Keynote Speakers
Linda Petzold is currently Distinguished Professor in the Department of Mechanical Engineering and the Department of Computer Science (Chair 2003-2007), and Director of the Computational Science and Engineering Graduate Emphasis at the University of California Santa Barbara. She is a member of the US National Academy of Engineering and a Fellow of ACM, ASME, SIAM and AAAS. She was named the UCSB Faculty Research Lecturer for 2011, was awarded the SIAM/ACM Prize for Computational Science and Engineering in 2013, received an Honorary Doctorate from Uppsala University in 2015, and was awarded the SIAM Prize for Distinguished Service in 2016. She was also awarded the JH Wilkinson prize for numerical software in 1991, and won the 2018 Sidney Fernbach Award.

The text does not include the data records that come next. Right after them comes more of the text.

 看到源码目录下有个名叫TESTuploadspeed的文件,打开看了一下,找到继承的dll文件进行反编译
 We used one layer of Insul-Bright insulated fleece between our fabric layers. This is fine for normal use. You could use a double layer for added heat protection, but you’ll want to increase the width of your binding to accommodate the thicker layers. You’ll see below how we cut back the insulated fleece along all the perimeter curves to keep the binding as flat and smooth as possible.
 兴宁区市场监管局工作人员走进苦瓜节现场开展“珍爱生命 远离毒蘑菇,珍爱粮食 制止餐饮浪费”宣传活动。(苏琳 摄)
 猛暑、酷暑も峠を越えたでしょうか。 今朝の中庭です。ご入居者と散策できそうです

Professor Petzold’s research focuses on modeling, simulation and analysis of multiscale systems in materials, biology and medicine. She is best known for her pioneering work on the numerical solution of differential-algebraic equations (DAEs). Professor Petzold’s software, DASSL and its successor DASPK for the numerical solution of DAEs, is widely used throughout science, engineering and technology. Her software LSODA, which adaptively determines whether an ODE system is stiff or nonstiff and chooses the appropriate class of algorithms, is also very widely used.

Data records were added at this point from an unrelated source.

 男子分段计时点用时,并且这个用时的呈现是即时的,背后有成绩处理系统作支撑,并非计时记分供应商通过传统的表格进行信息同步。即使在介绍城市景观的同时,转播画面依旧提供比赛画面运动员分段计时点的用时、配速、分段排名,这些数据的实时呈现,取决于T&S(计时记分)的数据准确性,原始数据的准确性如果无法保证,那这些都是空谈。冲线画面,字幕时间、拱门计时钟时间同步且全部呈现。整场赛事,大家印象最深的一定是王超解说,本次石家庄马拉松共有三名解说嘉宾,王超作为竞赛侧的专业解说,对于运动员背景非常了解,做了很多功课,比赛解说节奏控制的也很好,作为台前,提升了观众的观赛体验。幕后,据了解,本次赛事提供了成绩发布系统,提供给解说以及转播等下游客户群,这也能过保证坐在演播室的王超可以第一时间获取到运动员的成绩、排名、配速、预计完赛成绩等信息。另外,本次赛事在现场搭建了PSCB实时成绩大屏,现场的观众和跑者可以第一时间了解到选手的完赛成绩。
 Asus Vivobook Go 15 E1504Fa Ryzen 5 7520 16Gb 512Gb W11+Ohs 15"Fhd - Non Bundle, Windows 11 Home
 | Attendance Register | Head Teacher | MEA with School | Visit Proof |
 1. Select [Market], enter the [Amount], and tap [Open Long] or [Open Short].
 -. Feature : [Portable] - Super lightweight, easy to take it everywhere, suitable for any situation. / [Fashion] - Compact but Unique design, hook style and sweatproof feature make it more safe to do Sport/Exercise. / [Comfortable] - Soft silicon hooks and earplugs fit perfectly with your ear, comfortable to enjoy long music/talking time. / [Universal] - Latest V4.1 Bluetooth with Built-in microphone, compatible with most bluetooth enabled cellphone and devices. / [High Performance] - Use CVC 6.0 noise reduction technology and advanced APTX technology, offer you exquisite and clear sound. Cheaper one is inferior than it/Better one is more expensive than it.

Karen E. Willcox is Director of the Oden Institute for Computational Engineering and Sciences, a Professor of Aerospace Engineering and Engineering Mechanics at the University of Texas at Austin, and External Professor at the Santa Fe Institute. At UT, she holds the W. A. “Tex” Moncrief, Jr. Chair in Simulation-Based Engineering and Sciences and the Peter O’Donnell, Jr. Centennial Chair in Computing Systems. Before joining the Oden Institute in 2018, she spent 17 years as a professor at the Massachusetts Institute of Technology, where she served as the founding Co-Director of the MIT Center for Computational Engineering and the Associate Head of the MIT Department of Aeronautics and Astronautics. Prior to joining the MIT faculty, she worked at Boeing Phantom Works with the Blended-Wing-Body aircraft design group. She is a Fellow of the Society for Industrial and Applied Mathematics (SIAM), a Fellow of the American Institute of Aeronautics and Astronautics (AIAA), and in 2017 was appointed Member of the New Zealand Order of Merit (MNZM).

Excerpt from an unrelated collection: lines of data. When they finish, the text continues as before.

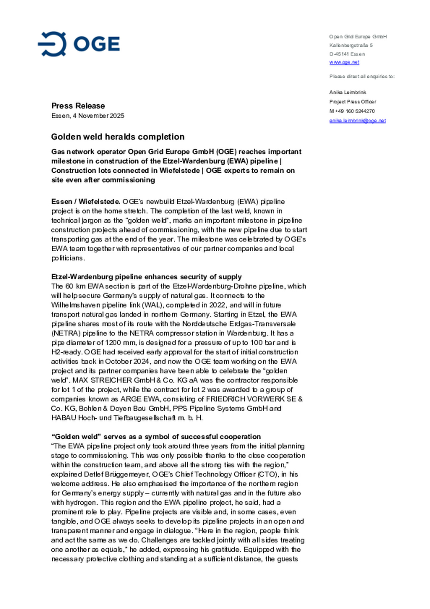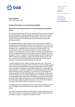 Upon receipt of the planning approval decision, OGE began preparatory construction work in Lower Saxony, such as preparing and equipping the pipe storage sites.
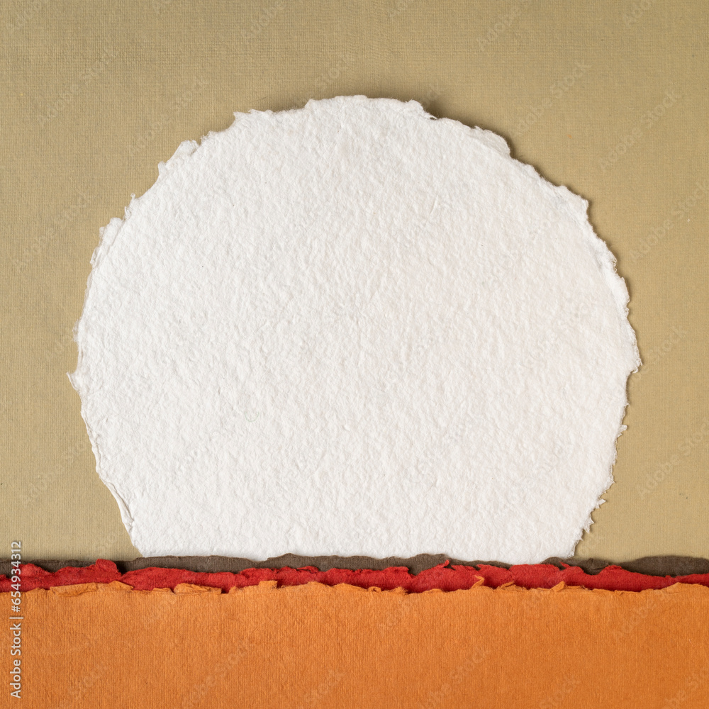moon or sun rising over abstract colorful landscape, blank circular watercolor paper
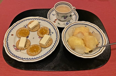 先輩から桃と梅ジャムを貰い、早速頂きました。
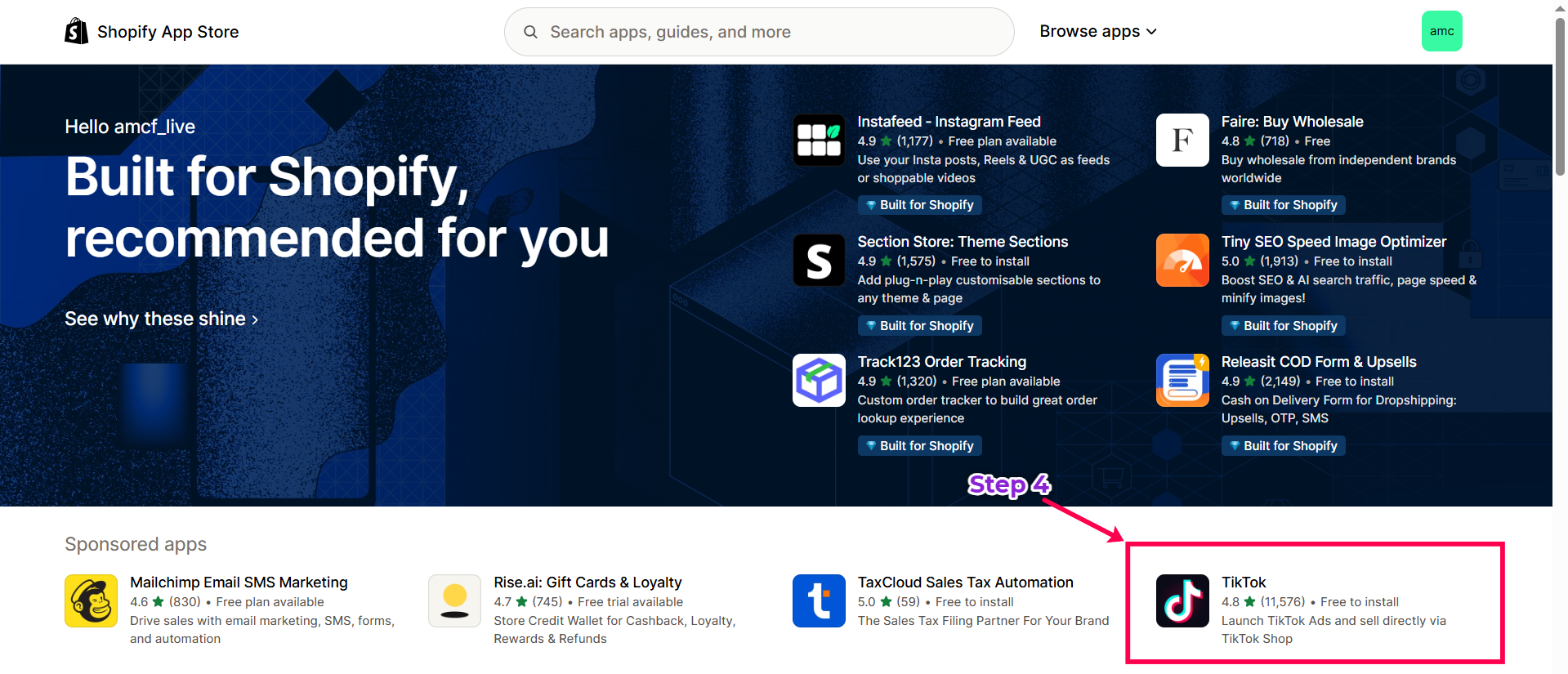- Click on the Shopify App Store.
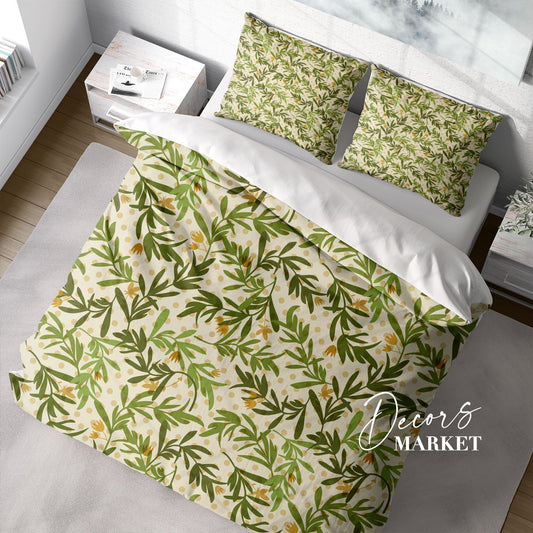 Pastel Calendula Leaf Duvet Cover Set w Pillowcases, Green Floral Patterns 3D Quilt Cover, 3pc Single Double Queen King Size Doona Cover
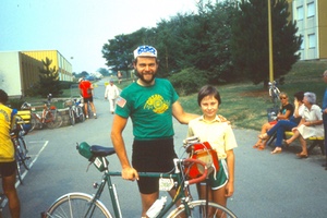 But riding through a sunny afternoon with my new friends we talk about anything in our abilities to speak and understand the other's language. During supper at the Carhaix-Plouguer checkpoint we are joined by four others looking for night riding company: Canadian Hans Breuker, and three Americans, one from St. Louis (whose name is lost in the fog of sleep deprivation), and Steve Bales and Hubert Hawley, two amiable, if uncharacteristically small, Texans. As we roll out of town, the second night of PBP '83 engulfs us, and my few remaining interactive brain cells rummage for tricks for staying awake. I reflect on Charles Bowden's inspiring story of the 1982 Arizona Bicycle Challenge but I’m no longer inspired. I consider, as he did, that my bike’s chain contains 500 parts working in harmony and wish that my mind and body had such harmony. What ultimately keeps me going is the memory of my stateside sendoff party. I sense that all those cycling friends, and Mom and Dad, are all beaming energy across the pond to me. Now I'm riding for them, and for the honor of the ‘Greasy Gonzos’ club T shirt I wear.
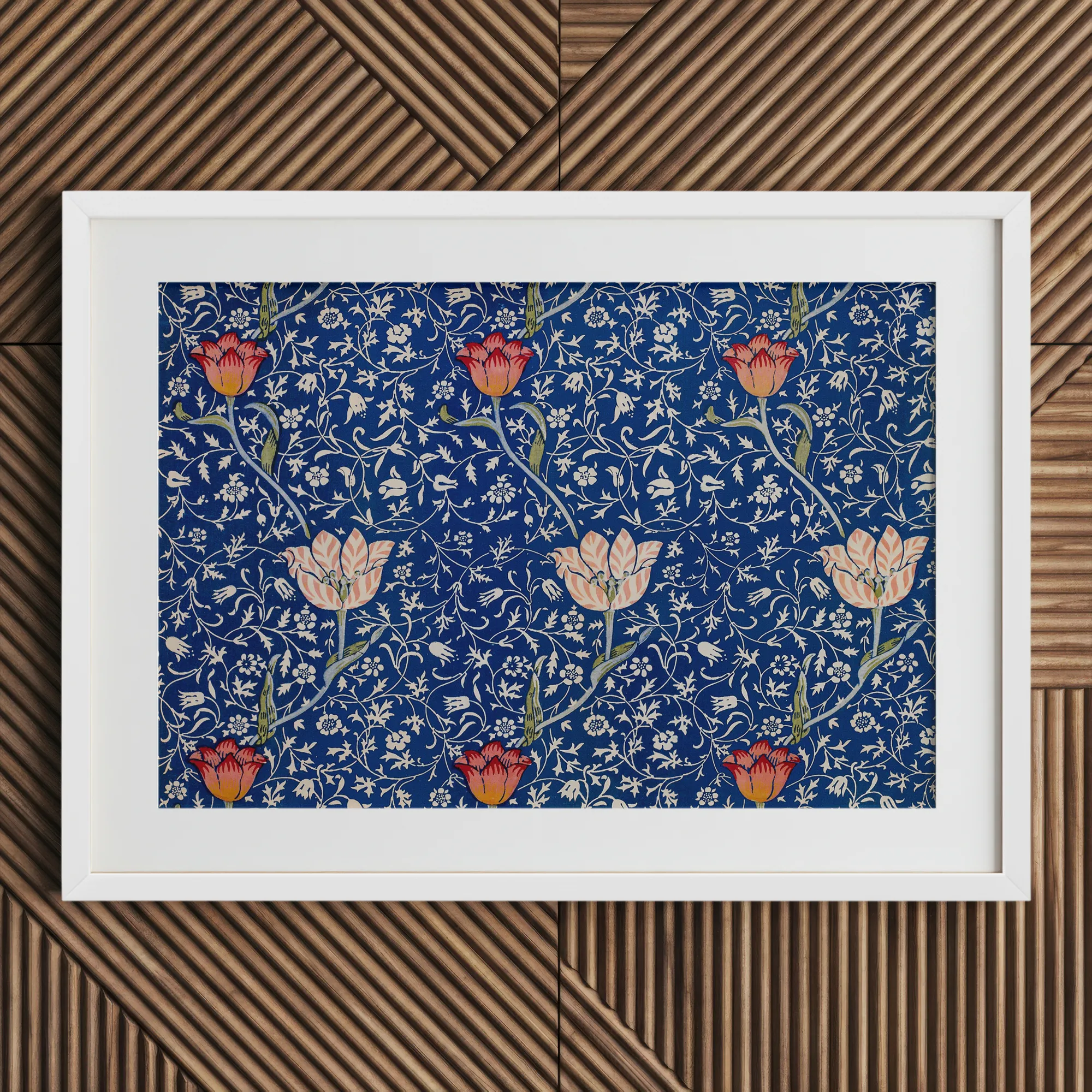 "Medway" despoja los excesos de su primo "Garden Tulip", dejando un baile más puro y rítmico de la naturaleza. Cuelga esta impresión y observa cómo tu espacio florece con el encanto del siglo XIX y el toque del siglo XXI.

Juan Pablo Vielma is currently a Research Scientist at Google and was formerly the Richard S. Leghorn (1939) Career Development Professor and an Associate Professor in Operations Research and Statistics at the MIT Sloan School of Management. Previously, he was an Assistant Professor in the department of industrial engineering at the University of Pittsburgh and was the 2009 Herman Goldstine Postdoctoral Fellow at the IBM Thomas J. Watson Research Center. His research interests include theory and technology for linear, non-linear, and stochastic mixed integer programming, and optimization models in sustainable natural resource management, marketing, and statistics. He is a key contributor to the package JuMP.jl, the de-facto mathematical programming package in Julia. Vielma has received the Presidential Early Career Award for Scientists and Engineers (PECASE), the Faculty Early Career Development Award from the National Science Foundation, a first prize in the INFORMS Junior Faculty Interest Group Paper Competition, the IBM Herman Goldstine Postdoctoral Fellowship and the INFORMS Optimization Society Student Paper Prize. He served as chair of the INFORMS Section on Energy, Natural Resources, and the Environment from 2010 to 2012 and as vice-chair for Integer and Discrete Optimization of the INFORMS Optimization Society from 2013 to 2015.